From the Goucher Quarterly, Summer/Fall 2010

It's been a lot of fun, but we've now reached the end of our extended celebration of what word purists would call Goucher's quasquicentennial. We've reminisced and recounted the college's history, bragged and boasted a bit, and rallied the troops around the country. We've also fed quite a few people assorted variations on Hutzler's old Goucher birthday cake. My favorite moments have come at events that combined 125th anniversary parties with receptions for admitted applicants or incoming-student "send-off" receptions, along the way creating intriguing and eclectic glimpses of the college's present, past, and future. Our final party in late June may well have been the apogee: At t'afia, the environmentally conscious Houston restaurant owned and run by chef Monica Pope '85, we assembled a group spanning 77 years, from an alumna in the Class of 1938 to a prospective applicant for the Class of 2015. 

I had a unique opportunity, just a few weeks earlier, to celebrate on the other side of the world. As most members of the extended Goucher family know, John Franklin Goucher was instrumental in establishing and helping fund, with support  from his wife, Mary Fisher Goucher, schools at various levels in Asia-in Japan, China, Korea, and India. Pai Chai (pronounced "pay jay"), one of the fi rst Korean schools to benefi t from the Gouchers' generosity, has grown to become Pai Chai University. It, too, was celebrating its 125th anniversary, and the organizers of the festivities invited me, along with Marilyn Southard Warshawsky '68, former Goucher board chair and the ultimate college historian, to participate in the program and a related conference in Daejeon, about an hour south of Seoul by express train. Michiko Mitarai '66, a Goucher trustee from Tokyo, also attended the events.

Marilyn and I gave a joint presentation on Dr. Goucher's remarkable international involvements. Marilyn also offered sermons that artfully weaved Bible verses into the chronology, and I had an opportunity to draw the link between our namesake's extraordinary career and Goucher College's current intense focus on the global dimension of a liberal arts education. 

How the Methodists became involved in Korea makes a very good yarn: By chance, while traveling across the United States by train in September 1883, Dr. Goucher encountered a group of envoys from Korea who had been sent by King Kojong to meet with President Chester A. Arthur; they were seeking to learn about American schools, post offices, and military installations. In an important precedent for the future, Dr. Goucher seemed to learn as much as he taught during that railroad encounter. He was apparently impressed by what he heard about this culture previously little known in America, and within a matter of months, he was urging the Methodist Missionary Society in New York to begin work in Korea-and offering to pay part of the costs for doing so.    

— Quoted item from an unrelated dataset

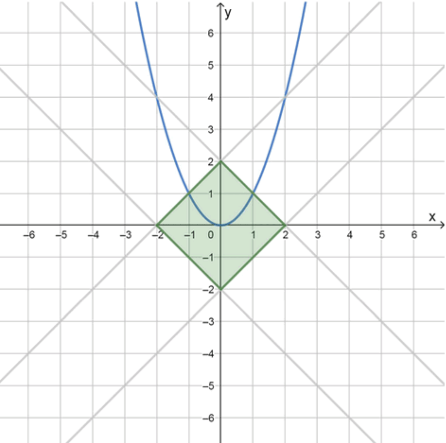 Эти точки пересечения находятся на прямых \( y = x + 2 \) и \( y = 2 — x \).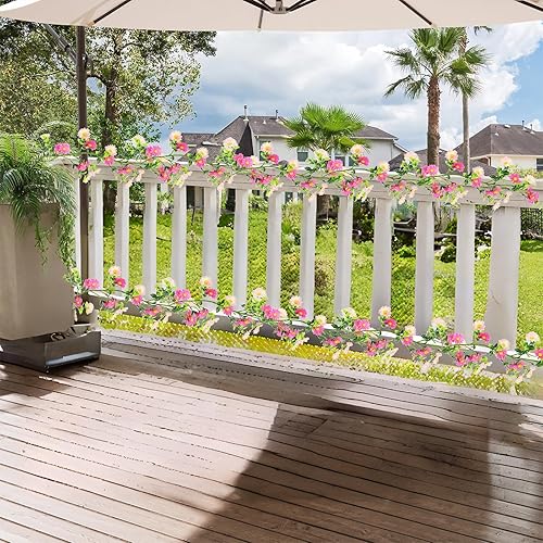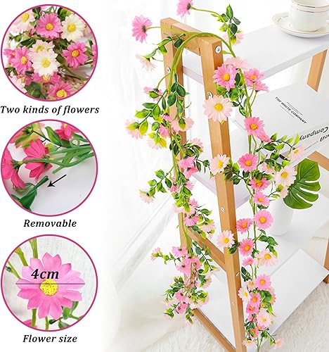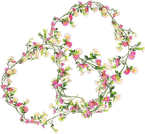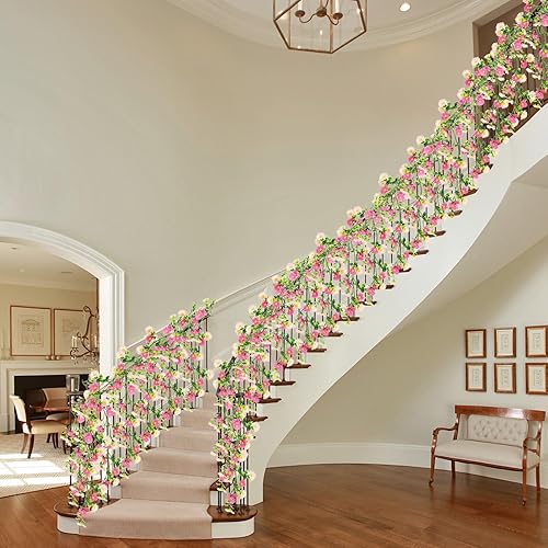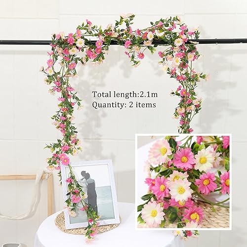 CONNECTION Lot de 2 guirlandes de fleurs artificielles roses - 2,1 m - Guirlande de fleurs artificielles - Pour mariage, jardin, chambre, fête - Décoration murale

Missionary work, of course, led inevitably-and directly-to education and a focus on its importance in strengthening family, church, and civil society. Just as Dr. Goucher played a central role in the establishment in Baltimore of a college for African Americans and another for women-now Morgan State University and Goucher College, respectively-he promoted the creation of educational institutions in Asia that would broaden access to learning beyond the traditional elite.  In the early 1880s, he met the Rev. Henry Appenzeller, who would become the first Methodist missionary to Korea, and there is evidence that the pair kept in touch after Appenzeller launched the Methodist presence and opened Pai Chai in 1885. We can only imagine that Dr. Goucher pressed his strong feeling that education must be egalitarian, erasing barriers of gender, race, caste, and religion. 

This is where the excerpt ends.